What has changed over time is not the Ste12 protein itself, but the sequence of DNA adjacent to the asgs, which has changed to allow the direct binding of Ste12. The screen itself changed to allow new connections, rendering the mouse unnecessary. Sorrells and company discovered that the switch from indirect to direct binding was not so clear-cut. They tried making the mutation in K. lactis, the “ancestral” species, and found that introducing direct Ste12 binding at the asgs led to a major problem: the asgs were expressed not only in ‘a’ cells but in ‘α’ cells as well, ruining the important function of mating type specification that is essential for yeast reproduction and survival.

This mis-regulation does not happen in S. cerevisiae, because that species contains another important difference from the ancestor: the presence of a protein, α2, which represses expression of the asgs in ‘α’ cells. Ultimately, the researchers were able to put these two evolutionary changes in order. The evolution of direct Ste12 binding sites at the asgs could not have occurred before the evolution of the α2 repressor.

This demonstrates that the order in which mutations occur matters, implying that there are only certain paths open to evolution.
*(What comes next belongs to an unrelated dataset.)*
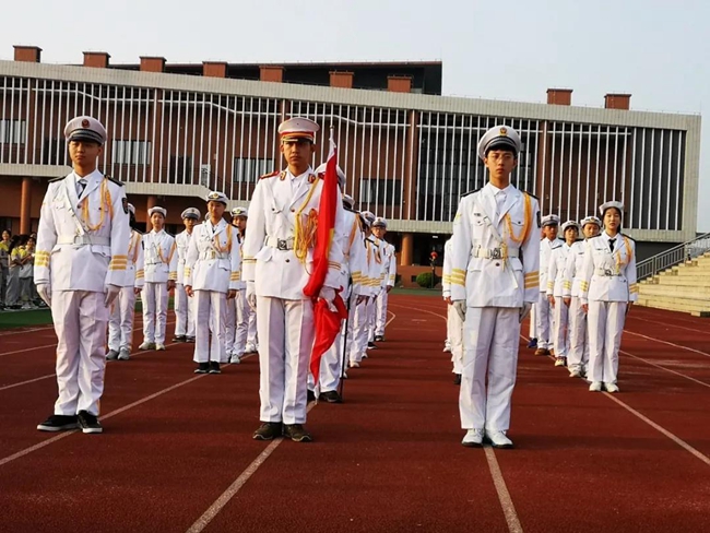 标准的起步、沉稳的正步、挺立的身姿、凌厉的眼神……护旗手们为现场学子充分展现着当代青少年的向阳生长的飞扬神采、朝气勃发的自信风貌。

This is a phenomenon known as “historical contingency”. While previous research had demonstrated this phenomenon in the context of single proteins, this study was the first to show how it applies to a whole network of gene transcription.

This is an important advance since proteins do not function in isolation but are part of a cellular environment whose full complexity we are only beginning to understand. For Sorrells, the challenge is to “think about evolution at this higher level where everything is connected to everything else.”

While this study breaks new ground in showing the evolutionary pathways available to gene networks, it also shows how much more we have to learn about evolutionary progression.

“I was only able to test a few different trajectories out of the possibilities…there is a vast number of different possible orders of rewiring and mutation,” says Sorrells. “The next direction is to include thousands or millions of trajectories in understanding how evolution of gene networks takes place…it’s a much larger problem than we were able to address.”